An important observation here is that

$$\begin{aligned} \kappa _i \left( \frac{1}{2^{\sqrt{n}}} \sigma _0^i \right) = \frac{1}{2^{\sqrt{n}}}, \quad \kappa \left( (1- \frac{1}{2^{\sqrt{n}}}) v^{ i} \right) =\frac{(1- \frac{1}{2^{\sqrt{n}}})}{2^{\sqrt{n}}+1} < \frac{1}{2^{\sqrt{n}}}. \end{aligned}$$
(398)

the relevant information here is that when \(\kappa \) is applied to the summation in (397), it amounts to

$$\begin{aligned} \kappa (V_1) < \frac{1}{2^n} \sum _{y \in \{0,1\}^{\sqrt{n}}} 1 = \frac{2^{\sqrt{n}}}{2^n}. \end{aligned}$$
(399)

In other words, each \(\sigma _0\) term contributes to the number 1 in the above summation. That means if we had started with the distribution

$$\begin{aligned} V' = \bigotimes _{r \in \text {Rows}}o(1/\sqrt{n}) \frac{1}{2^{\sqrt{n}}} \sigma _0^r + \left( 1-o(1/\sqrt{n}) \frac{1}{2^{\sqrt{n}}} \right) v^r, \end{aligned}$$
(400)

then we would have obtained

$$\begin{aligned} \kappa (V') = \frac{2}{2^n+1} \left( 1+\frac{1}{{{\,\textrm{poly}\,}}(n)}\right) , \end{aligned}$$
(401)

which is exactly what we want. The last relevant piece of information is that if \(v''_j\) is a distribution over row j that with probability 1 contains a nonzero item, then when \(\text {Ch}[G_j]\) is applied to it, it will instantly get mapped to \(v_j\).

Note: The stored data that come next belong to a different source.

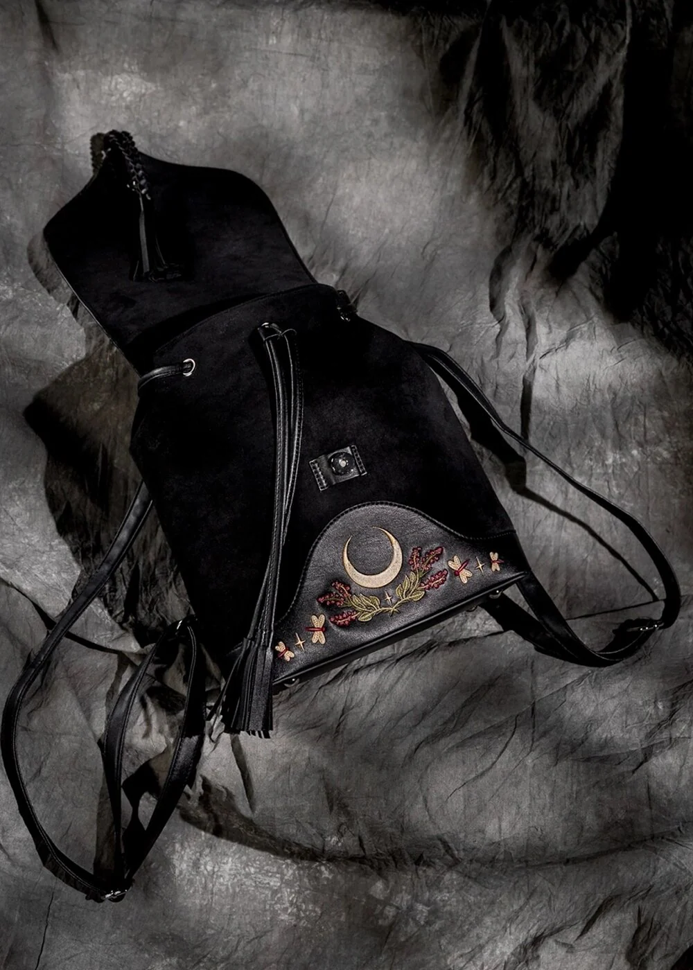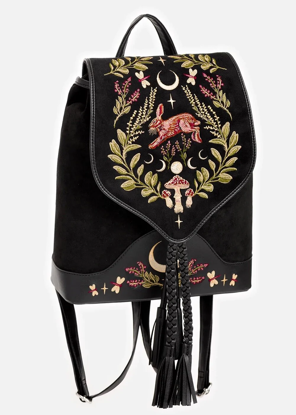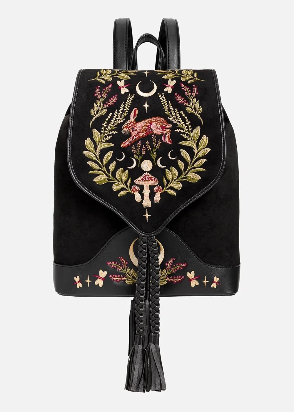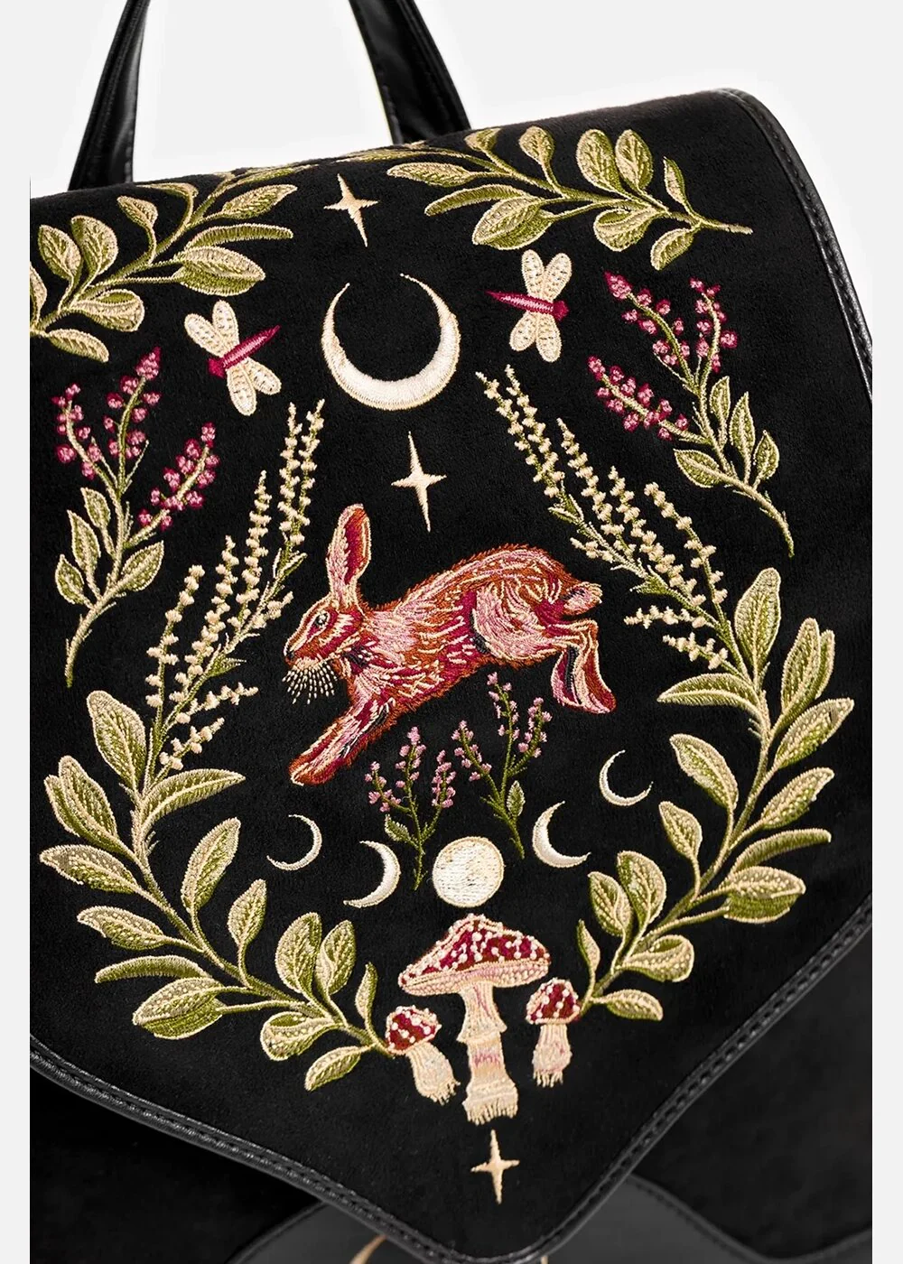 Évidemment dans un style Cottage Core complet avec le sac à dos Hare Moon qui vous coupera le souffle avec son faux daim noir orné de broderies mystiques de plantes et ce petit lièvre… Pratique (tout comme votre magie), il est bien sûr juste assez grand pour tous vos indispensables quotidiens (ou nocturnes). Ainsi, vous avez toujours vos Vibes de Sorcière à portée de main ♥
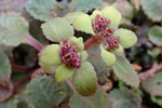 ボタンネコノメソウに似ていますが、ガクが赤褐色なのでアカヒダボタンとしました。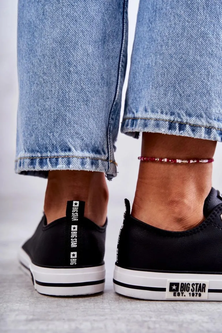Ponadczasowe trampki damskie marki Big Star zostały wykonane z eko skóry. Posiadają gumowy, wzmacniany nosek. Model charakteryzuje się logowanymi sznurowadłami. Podeszwa wraz z platformą wykonane z gumowego tworzywa, dzięki którym model ten jest antypoślizgowy. Wkładka materiałowa. Klasyczne trampki z pewnością świetnie będą prezentować się w wielu stylizacjach. Przy wyborze rozmiaru prosimy sugerować się tabelą rozmiarów.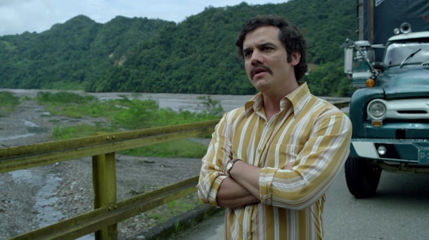 did pablo escobar have a beer belly like the actor and tacky white sneakers ?
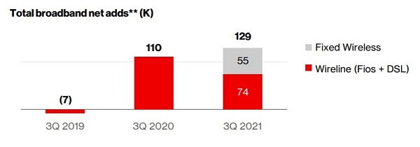 Verizon在第三季度新增的5.5萬FWA用戶約占該期間新增的12.9萬寬帶用戶的42%。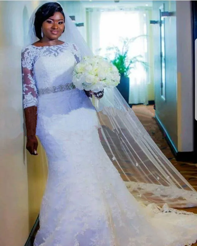 2019 South Africa Mermaid Wedding Dresses 3 4 Sleeve Bateau Neck

This phenomenon is related to strong stationarity in Markov chain theory.

We claim that after the first application of \(\text {Ch}[G_C]\), the expected collision probability is according to the bound claimed in this theorem. In order to see this, we consider the distribution \(V_1\) ((397)), this time along each column. Note that the distribution along columns. For any set of columns \(j_1, \ldots , j_k\) let \(E_{j_1, \ldots , j_k}\) be the event that these columns are all zeros, and the rest of the columns have at least one non-zero element in them. Here we use the notation \(E_{j_1, \ldots , j_k} \equiv E_y\) for \(y \in \{0,1\}^{\sqrt{n}}\) such that the \(j_1, \ldots , j_k\) locations of y are ones and the rest of its bits are zeros.

Therefore

$$\begin{aligned} \text {Coll}(\text {Ch}[G_C] V_1 )= & {} \sum _{y \in \{0,1\}^{\sqrt{n}}} \Pr [E_y ] \kappa \left( \sigma _0^y V^{\backslash y} \right) \\= & {} \frac{1}{2^n} + \sum _{y \in \{0,1\}^{\sqrt{n}}\backslash } \Pr [E_y ] \left( \frac{1}{2^{\sqrt{n}+1}} \right) ^{\sqrt{n} - |y|}. \end{aligned}$$

Let \(p_0:= \frac{1}{2^{\sqrt{n}}}+ \frac{1}{4}(1- \frac{1}{2^{\sqrt{n}}})\). The main observation is that for each such y,

$$\begin{aligned} \Pr [E_y ] \le p_0^{\sqrt{n} |y|} \left( 1-p^{\sqrt{n}}_0 \right) ^{\sqrt{n}-|y|}. \end{aligned}$$
(402)

Therefore

$$\begin{aligned} \text {Coll}(\text {Ch}[G_C] V_1 )\le & {} \frac{1}{2^{n}}+\sum _{y \in \{0,1\}^{\sqrt{n}}\backslash 0}p_0^{\sqrt{n} |y|} \left( 1-p^{\sqrt{n}}_0 \right) ^{\sqrt{n}-|y|} \left( \frac{1}{2^{\sqrt{n}+1}} \right) ^{\sqrt{n} - |y|}\nonumber \\= & {} \frac{1}{2^n}+ \left( p_0^{\sqrt{n}}+ \left( 1-p_0^{\sqrt{n}}\right) \frac{1}{2^{\sqrt{n}+1}} \right) ^{\sqrt{n}}\nonumber \\= & {} \frac{1}{2^n} + \frac{1-\frac{1}{2^{n}}}{2^n+1} \left( 1+\frac{1}{{{\,\textrm{poly}\,}}(n)}\right) \nonumber \\= & {} \frac{2}{2^n+1} \left( 1+\frac{1}{{{\,\textrm{poly}\,}}(n)}\right) , \end{aligned}$$
(403)

and this completes the proof. \(\square \)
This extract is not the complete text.